=== Section Start ===

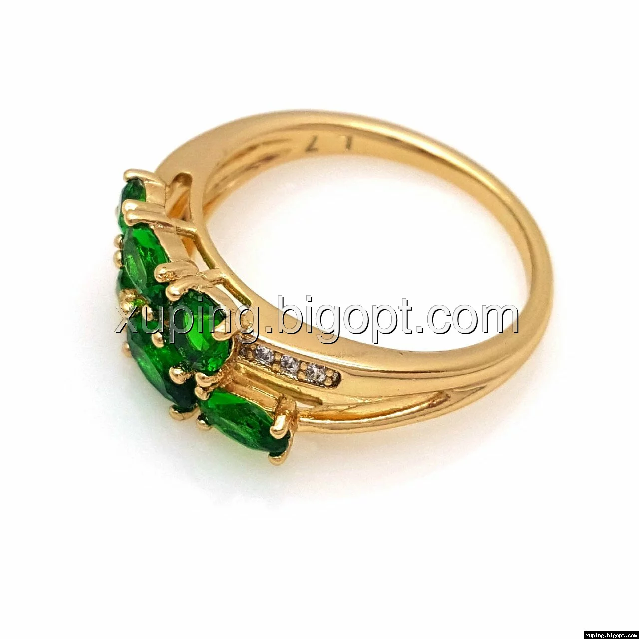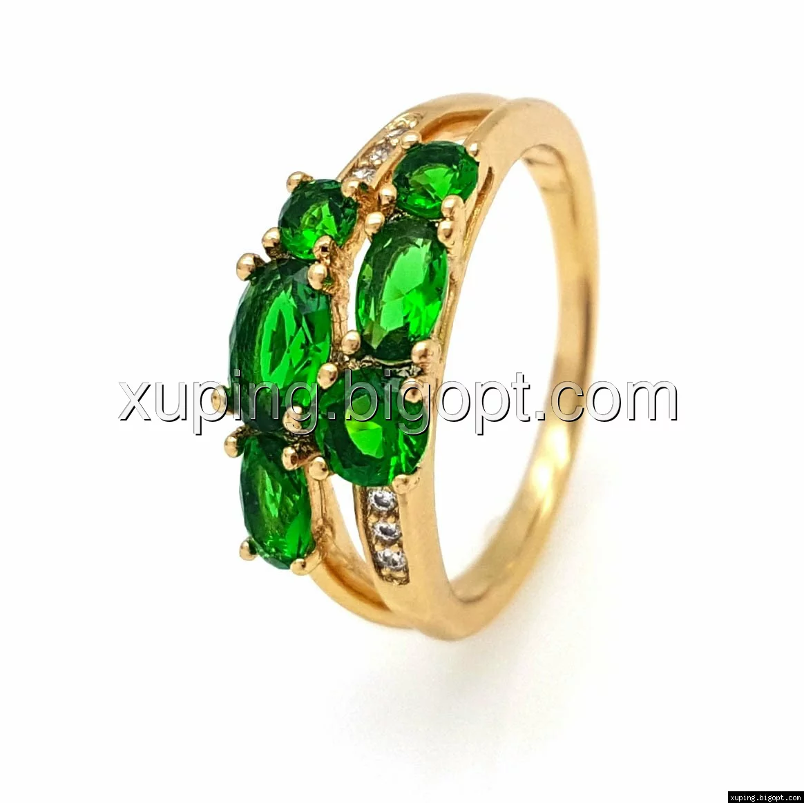 Кольцо Две Дорожки с зеленым цирконием, р.17, р.17,5 ,р.18,5, р.19,5, позолота Xuping
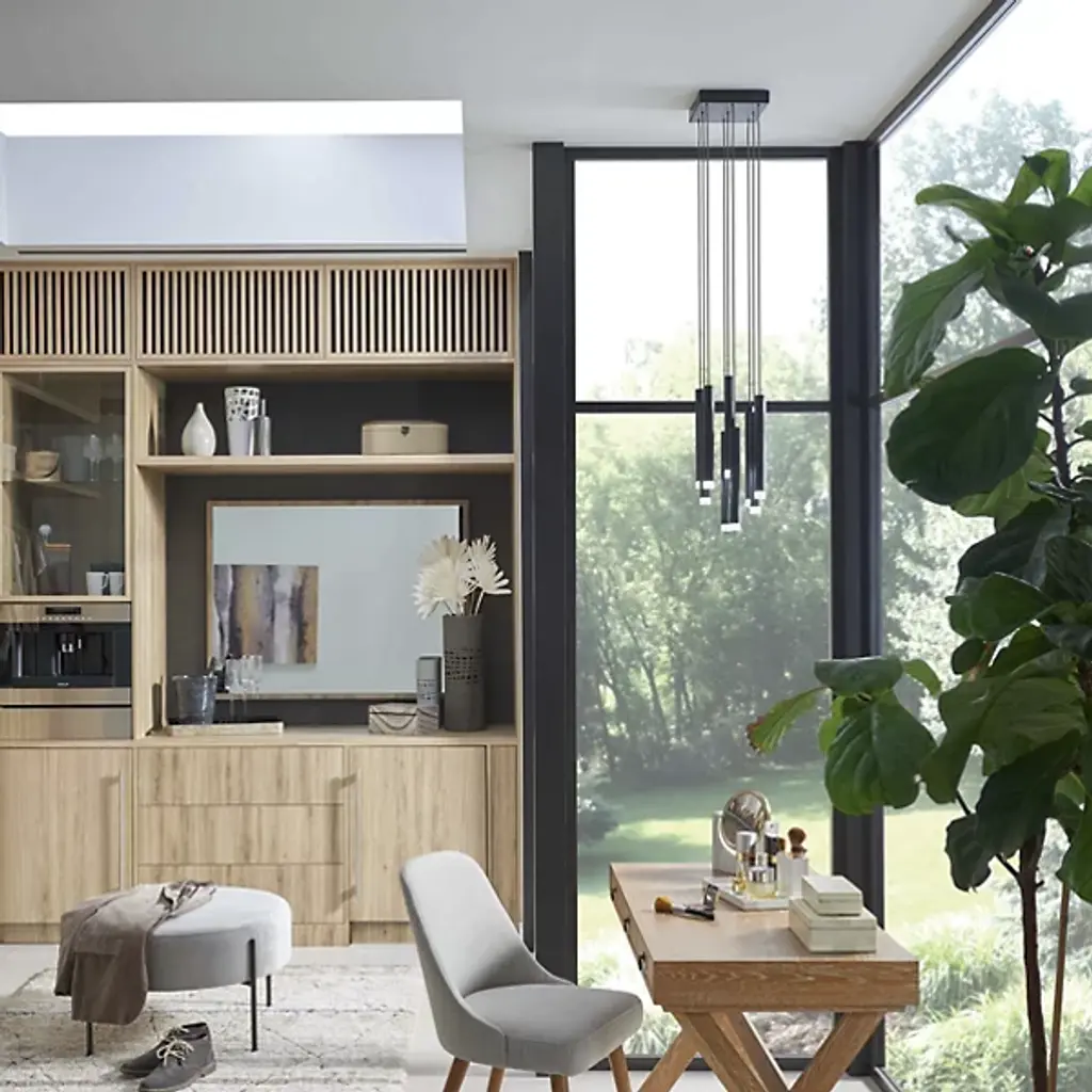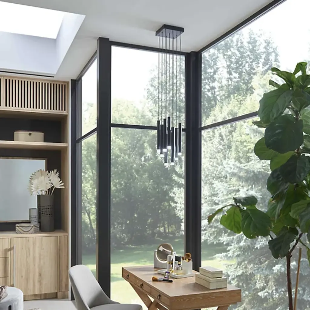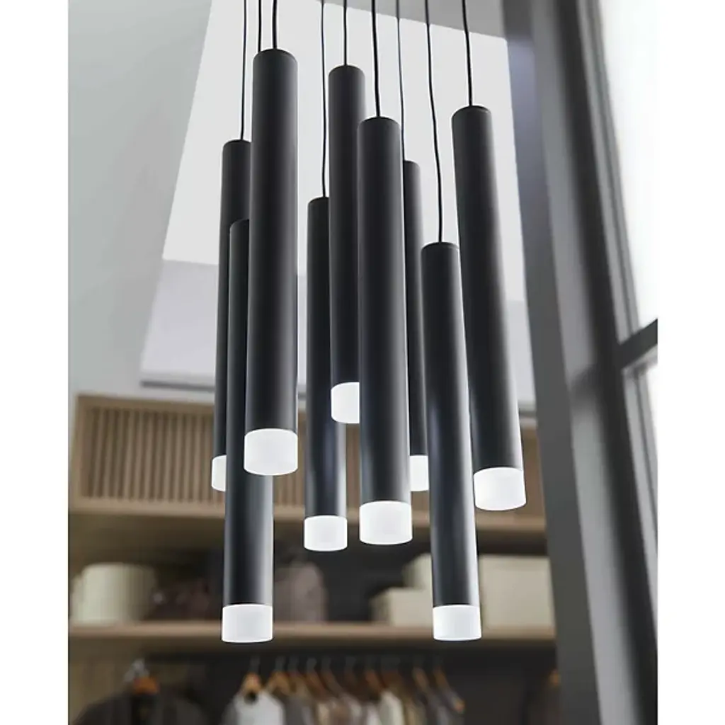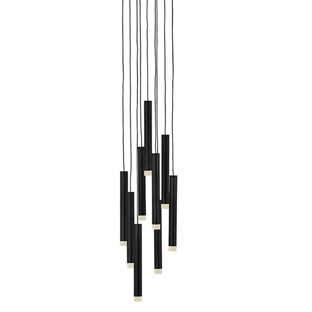 The Harmony LED the whimsical form of wind chimes inspired Multi Light Pendant by Fredrick Ramond. With a sophisticated composition that can be arranged to create custom configurations, bold steel tubes with LED caps at the bottom of their columns descend from a simple square canopy. These sleek and minimalistic elements deliver a dramatic and dimensional statement as this pendant brings a diffused layer of light to your home.
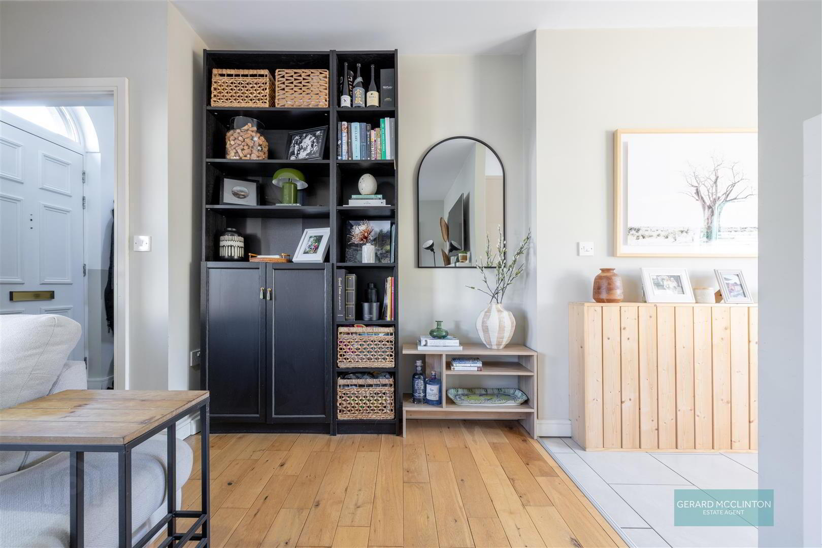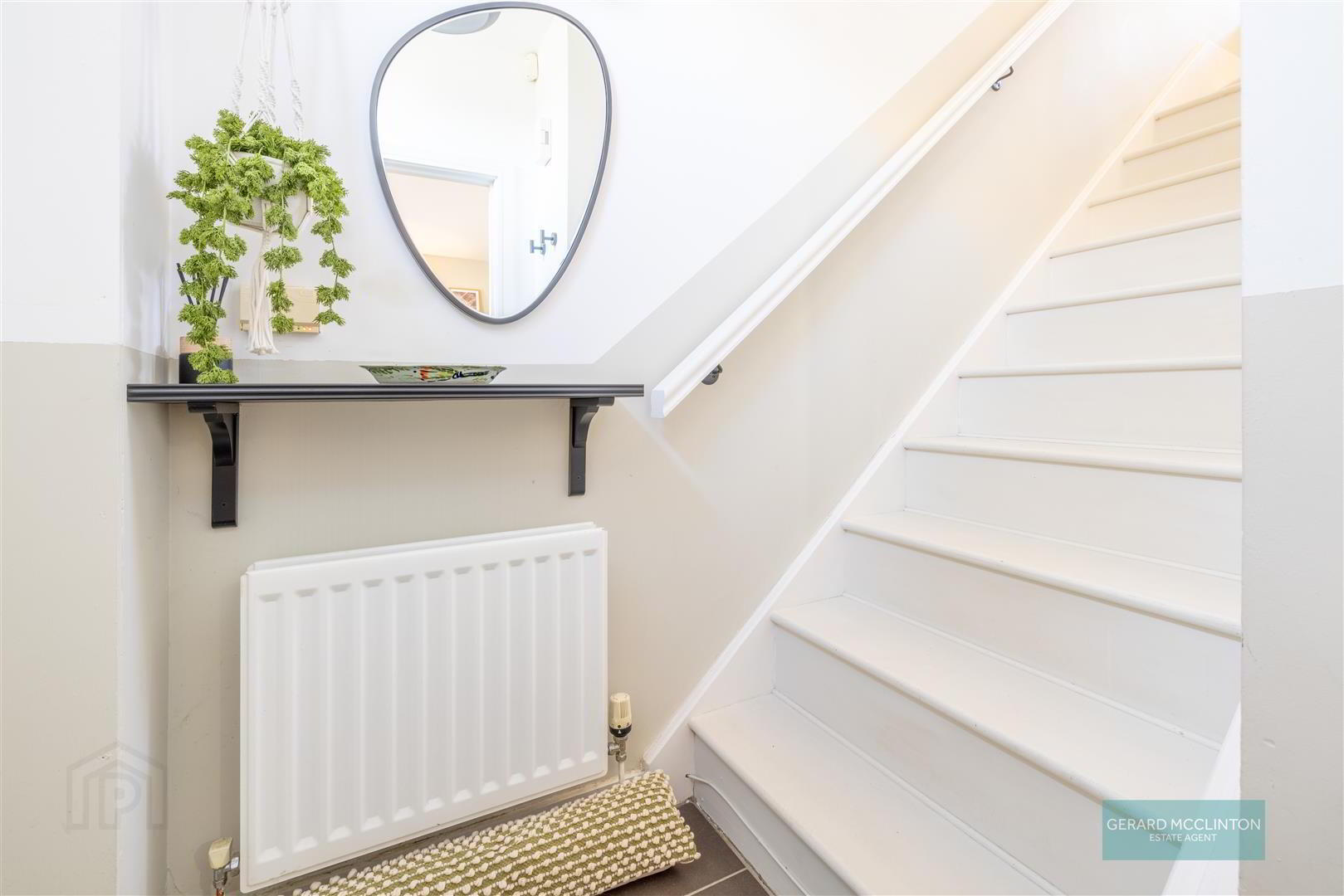 - UPVC double glazed door to front, tiled floor, radiator, white painted staircase to 1st floor with two tone painted walls, glazed door to living room
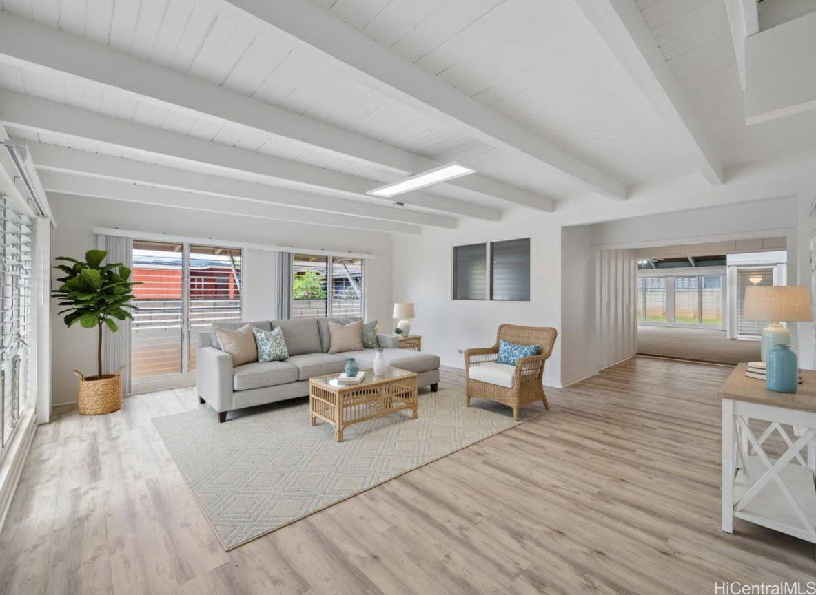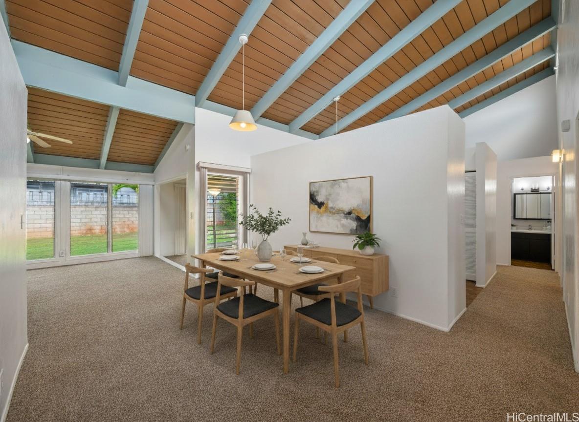 This 3-bedroom, 2-bath single-level home offers comfort and space. The open layout features high ceilings in the kitchen and dining area, creating an inviting atmosphere perfect for gatherings. Enjoy fresh interior paint, a 2-car carport with additional driveway parking, and a private backyard ideal for entertaining or relaxing outdoors. As part of the Mililani Town Association, residents have access to 7 recreation centers, pools, parks, sports courts, and scenic walking paths. Conveniently located near shopping, schools, and neighborhood parks. *Some photos have been virtually enhanced with staging. Next Open House Sunday, December 21st, 2pm-5pm.
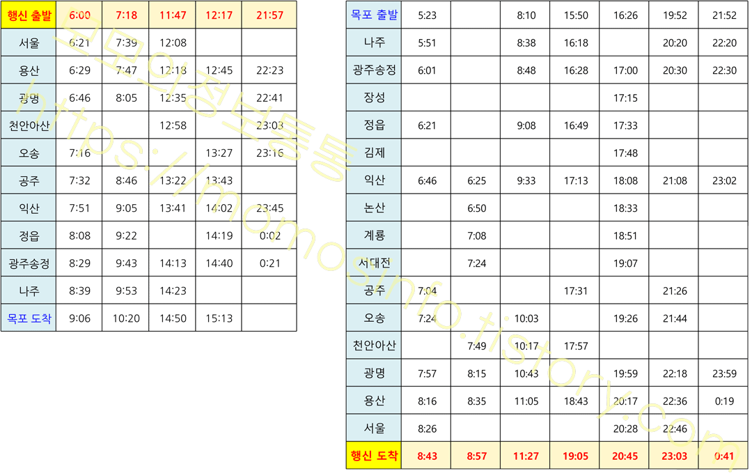 - 정차역: 서울, 용산, 광명, 천안아산, 오송, 공주, 익산, 정읍, 광주송정, 나주
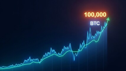 Digital Financial Chart Showing Bitcoin Reaching 100,000 Price Milestone
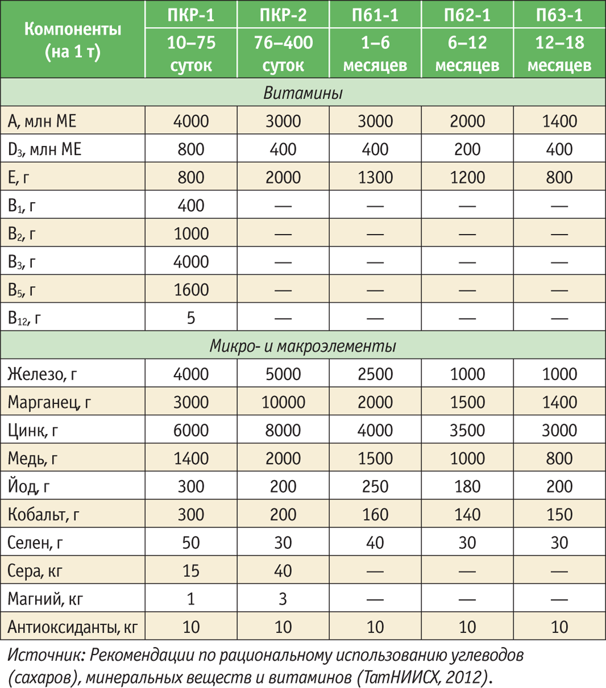 В молочный период телятам для роста требуются те же минеральные вещества, что и другим животным. Молоко и ЗЦМ обычно обеспечивают их минералами, необходимыми в первые недели жизни. Содержание этих компонентов в молозиве и молоке, особенно от коров с минеральным дефицитом, может быть низким. Стартеры, как правило, содержат достаточное количество макро- и микроэлементов. Учеными Ш.К. Шакировым, Н.Н. Хазиповым, Ф.С. Гибадуллиной и С.И. Чуриным разработаны нормы ввода витаминов и минеральных веществ в корма для телят (таблица).
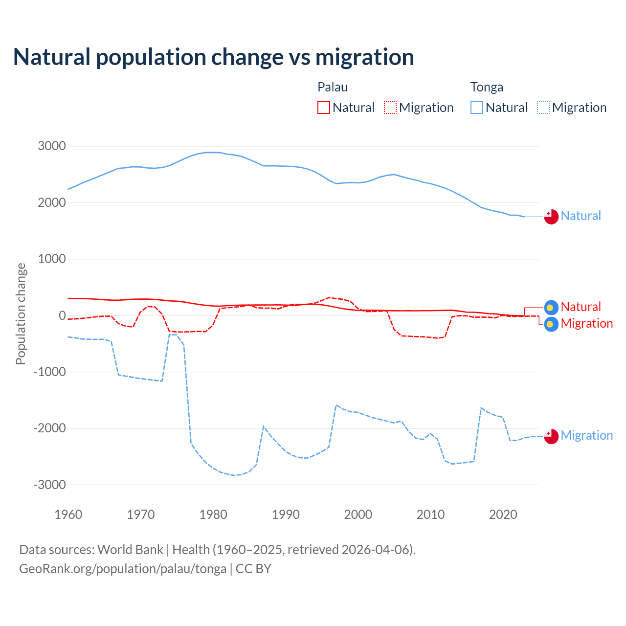 Over the last 10 years, 53.8% of the population change in Palau is from natural causes (a gain of 264 people) and 46.2% is from migration (a loss of 227 people). In Tonga 46.9% is from natural causes (a gain of 18,919 people) and 53.1% is from migration (a loss of 21,384 people).
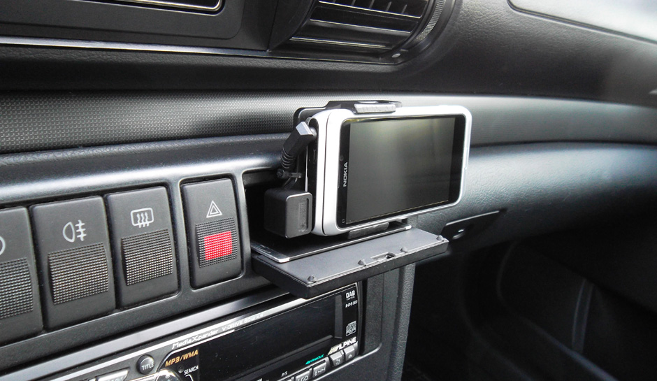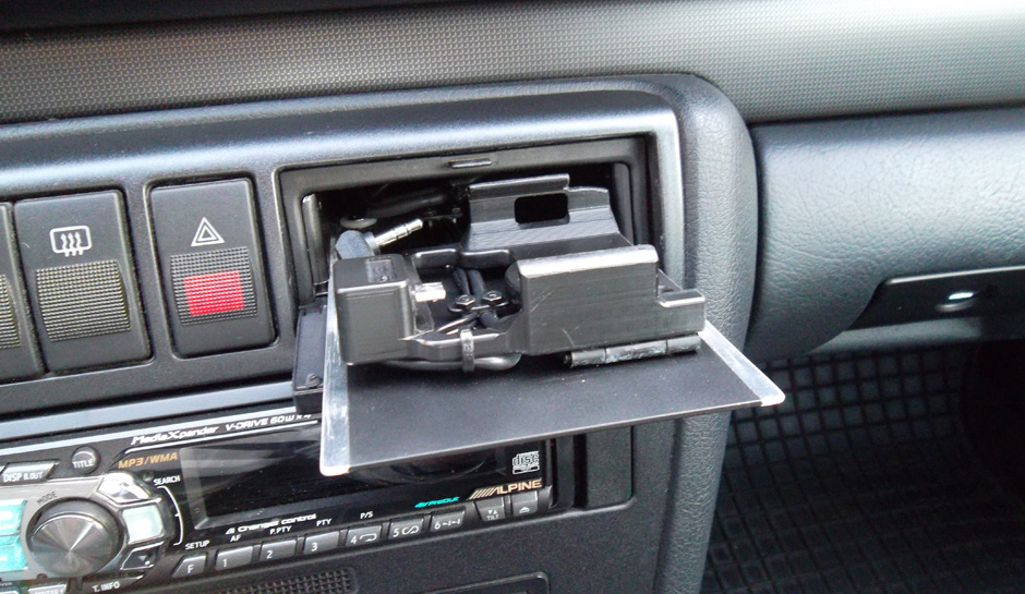 baute ich mir eine Handyhalterung fürs Auto. Dies war gar nicht so leicht, weil ich die Halterung verstecken wollte, wenn ich sie nicht brauche.
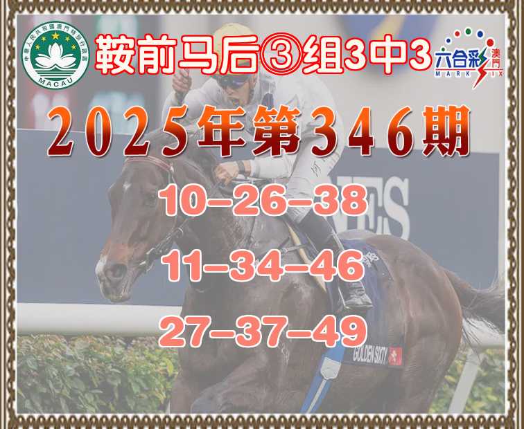 346期: ♠️《鞍前马后》 ♠️③组3中3♠️
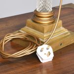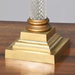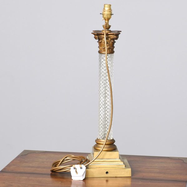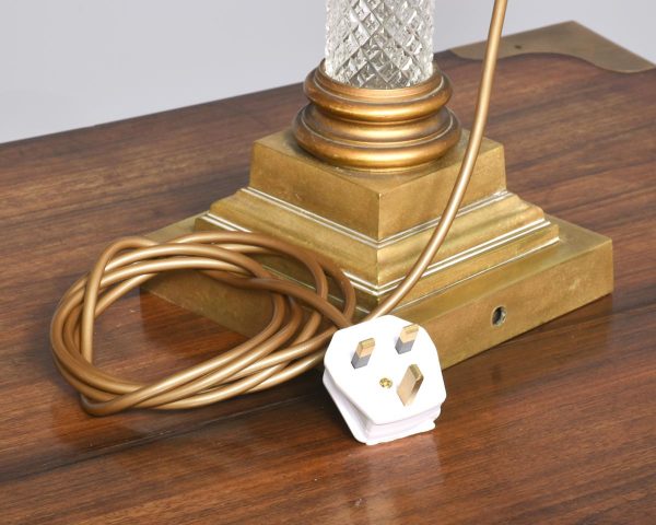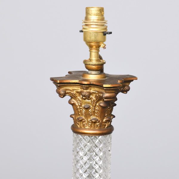 Circa 1890. An interesting cast brass and glass Corinthian lamp (converted from an oil lamp) top with lamp holder fitted to the classic gilded brass Corinthian capital with glass column, with a diamond pattern. The whole piece is resting on a stepped square platform base with a mixture of brass and gilding.
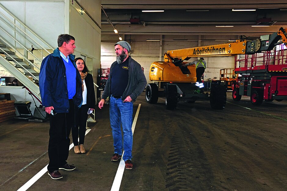 Bei einem Vor-Ort-Besuch hat sich Reinhard Willenbrock, Repräsentant der IPAF Deutschland, gemeinsam mit Janina Tapper, Germany Member Support, von den neuen Räumlichkeiten ein eigenes Bild gemacht. Um als Schulungszentrum akkreditiert zu werden, prüft die IPAF verschiedene Faktoren: »Für uns ist wichtig, dass die theoretischen Schulungen in technisch voll ausgestatteten Räumlichkeiten stattfinden können, um ein optimales Lernen zu ermöglichen. Außerdem müssen natürlich alle Sicherheitsvorgaben eingehalten werden, angefangen beim Feuerlöscher und Erste-Hilfe-Kasten bis hin zu Vorhandensein von moderner Persönlicher Schutzausrüstung«, so Willenbrock. Auch der Parcours für die praktischen Prüfungen wurde inspiziert und für gut befunden. »Wir haben hier in Hamburg zwei Bereiche, einen in der Halle und einen im Außenbereich. So stellen wir sicher, dass die Prüfungen unabhängig vom Wetter immer durchgeführt können«, so Ingo Steinberg, Leiter der Riwal Akademie und IPAF-zertifizierter Trainer. Willenbrock zeigte sich auch von verschiedenen Zusatzleistungen angetan. Jeder Teilnehmer erhält beispielsweise eine Schulungsmappe, in der sie alle notwendigen Materialien und Nachweise sammeln können. »Solche kleinen, von der IPAF nicht zwingend vorgeschriebenen Zusatzleistungen zeigen das besondere Anspruchsdenken, das Riwal beim Thema Bedienerschulungen an den Tag legt«, so Reinhard Willenbrock.

=== Section End ===

▶ [Task]: Look above for the line with "baute ich mir"; quote it and every line after it, stopping after the line with "346期: ♠️《鞍前马后》 ♠️③组3中3♠️", exactly, with nothing added and without pictures.

▶ [Output for this task]:
 baute ich mir eine Handyhalterung fürs Auto. Dies war gar nicht so leicht, weil ich die Halterung verstecken wollte, wenn ich sie nicht brauche.
 346期: ♠️《鞍前马后》 ♠️③组3中3♠️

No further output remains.